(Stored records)
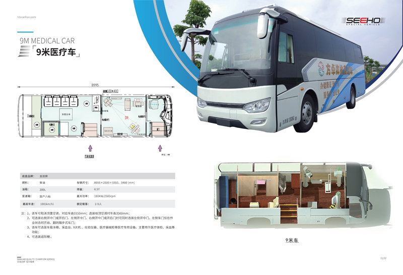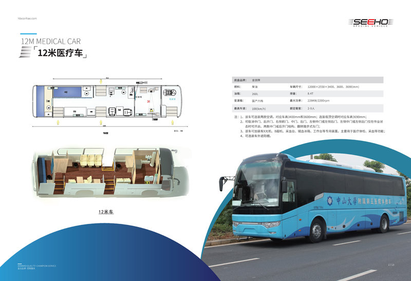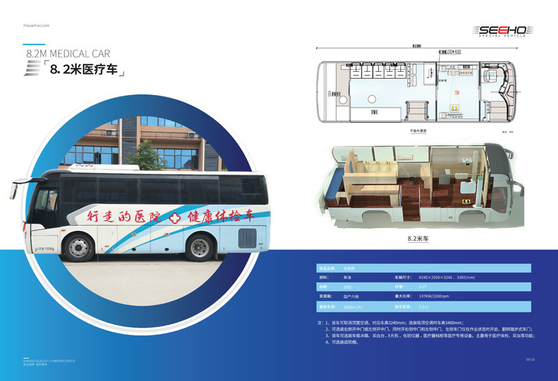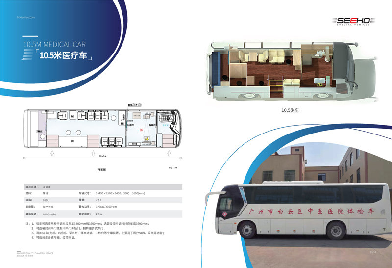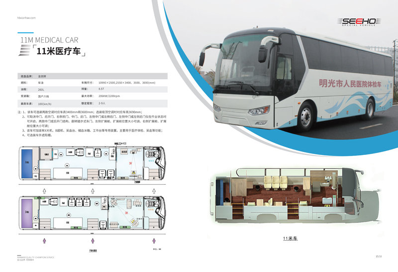 顯浩專用車生產(chǎn)的體檢車均選用一線品牌車(宇通、金龍、金旅)實(shí)用、先進(jìn)、布局合理、操作方便、駕乘舒適。 體檢車長有6米、7米、8.2米、9米、10.5米、11米、12米可選。
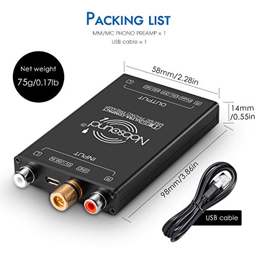 Voordelen: ① T1 Pro is de kleinste MM MC phono preamp op de markt. Het mini-formaat en het lichte gewicht maken het gemakkelijk vast te houden en gemakkelijk mee te nemen. Het keurt high-end schurende blasting behandeling, laserbelettering, geen kleurvervaging en verandert na langdurig gebruik.
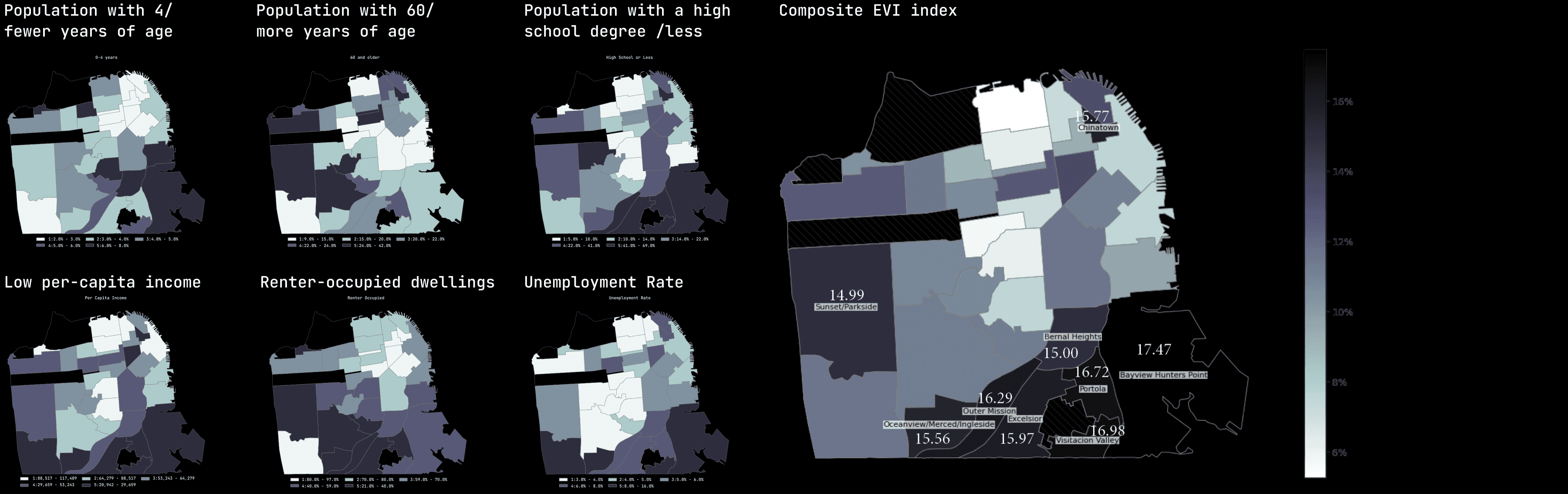 The Energy Vulnerability Index (EVI) was developed to measure a population’s vulnerability to power outages. Each of the six demographic criteria that composes EVI is scaled from 1 to 5, with 1 being the best, and 5 being the worst. The maps below illustrate the spatial distribution for San Francisco of each EVI criteria, with darker colors indicating more severe conditions.
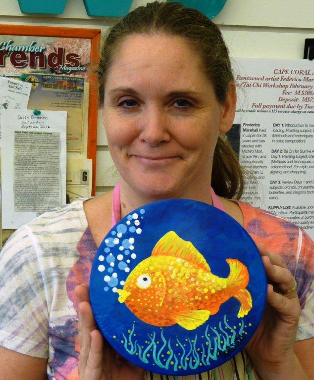 - Suggestions: Publix wood bowl …(prep with a sealer, e.g. Kilz) OR a large Terra Cotta saucer (12-14 inches in diameter) …(prep terra cotta piece with any sealer – just makes it easier to paint on)
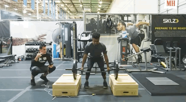 “这个世界一直在做这个错误的事情,高水平的跳跃训练都是有爆发力的,需要高质量的动作。建立一个硬拉的姿势,膝盖超过脚尖,髋部向后,背部保持竖直,从这个位置,他要尽可能地跳得高,然后着地。”

## DIRECTIONS FOR THIS TASK
Pictures aside, reproduce all of the data exactly.

## WRITTEN REPLY
 顯浩專用車生產(chǎn)的體檢車均選用一線品牌車(宇通、金龍、金旅)實(shí)用、先進(jìn)、布局合理、操作方便、駕乘舒適。 體檢車長有6米、7米、8.2米、9米、10.5米、11米、12米可選。
 Voordelen: ① T1 Pro is de kleinste MM MC phono preamp op de markt. Het mini-formaat en het lichte gewicht maken het gemakkelijk vast te houden en gemakkelijk mee te nemen. Het keurt high-end schurende blasting behandeling, laserbelettering, geen kleurvervaging en verandert na langdurig gebruik.
 The Energy Vulnerability Index (EVI) was developed to measure a population’s vulnerability to power outages. Each of the six demographic criteria that composes EVI is scaled from 1 to 5, with 1 being the best, and 5 being the worst. The maps below illustrate the spatial distribution for San Francisco of each EVI criteria, with darker colors indicating more severe conditions.
 - Suggestions: Publix wood bowl …(prep with a sealer, e.g. Kilz) OR a large Terra Cotta saucer (12-14 inches in diameter) …(prep terra cotta piece with any sealer – just makes it easier to paint on)
 “这个世界一直在做这个错误的事情,高水平的跳跃训练都是有爆发力的,需要高质量的动作。建立一个硬拉的姿势,膝盖超过脚尖,髋部向后,背部保持竖直,从这个位置,他要尽可能地跳得高,然后着地。”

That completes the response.